[Opening RECORDS FOR THE TASK section]

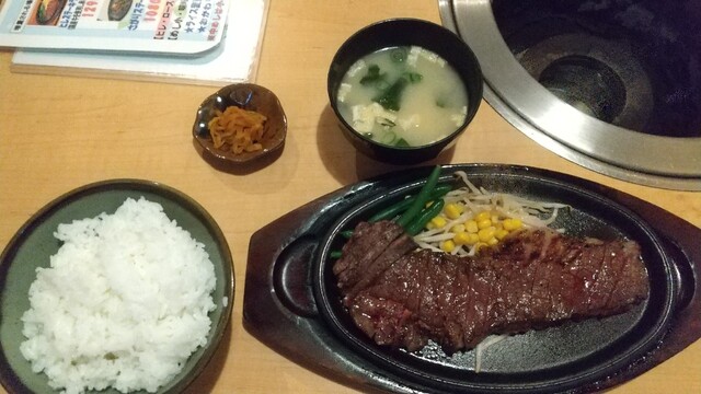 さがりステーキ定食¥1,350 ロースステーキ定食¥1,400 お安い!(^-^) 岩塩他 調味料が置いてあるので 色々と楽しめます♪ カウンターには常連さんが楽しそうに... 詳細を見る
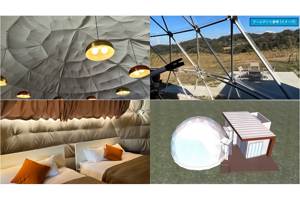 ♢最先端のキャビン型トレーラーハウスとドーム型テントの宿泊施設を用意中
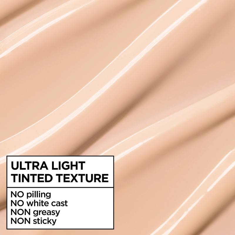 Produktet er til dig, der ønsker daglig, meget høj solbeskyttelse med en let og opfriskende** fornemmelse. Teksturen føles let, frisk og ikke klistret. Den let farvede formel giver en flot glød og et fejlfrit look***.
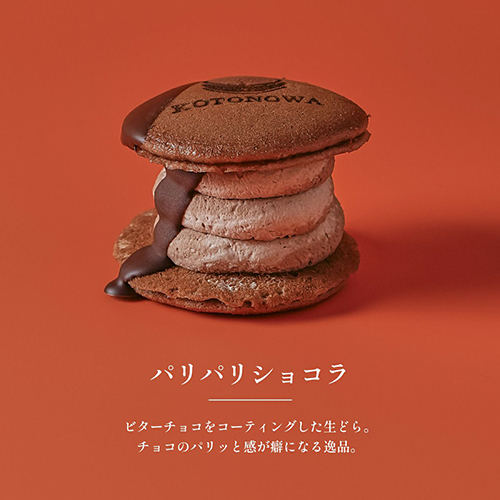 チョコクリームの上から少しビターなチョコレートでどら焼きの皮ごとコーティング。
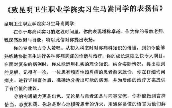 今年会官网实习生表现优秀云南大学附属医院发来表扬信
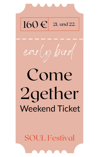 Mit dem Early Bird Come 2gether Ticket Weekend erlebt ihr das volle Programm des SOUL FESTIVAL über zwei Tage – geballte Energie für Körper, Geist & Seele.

[Closing RECORDS FOR THE TASK section]

Reprint the data verbatim, pictures excluded.

 さがりステーキ定食¥1,350 ロースステーキ定食¥1,400 お安い!(^-^) 岩塩他 調味料が置いてあるので 色々と楽しめます♪ カウンターには常連さんが楽しそうに... 詳細を見る
 ♢最先端のキャビン型トレーラーハウスとドーム型テントの宿泊施設を用意中
 Produktet er til dig, der ønsker daglig, meget høj solbeskyttelse med en let og opfriskende** fornemmelse. Teksturen føles let, frisk og ikke klistret. Den let farvede formel giver en flot glød og et fejlfrit look***.
 チョコクリームの上から少しビターなチョコレートでどら焼きの皮ごとコーティング。
 今年会官网实习生表现优秀云南大学附属医院发来表扬信
 Mit dem Early Bird Come 2gether Ticket Weekend erlebt ihr das volle Programm des SOUL FESTIVAL über zwei Tage – geballte Energie für Körper, Geist & Seele.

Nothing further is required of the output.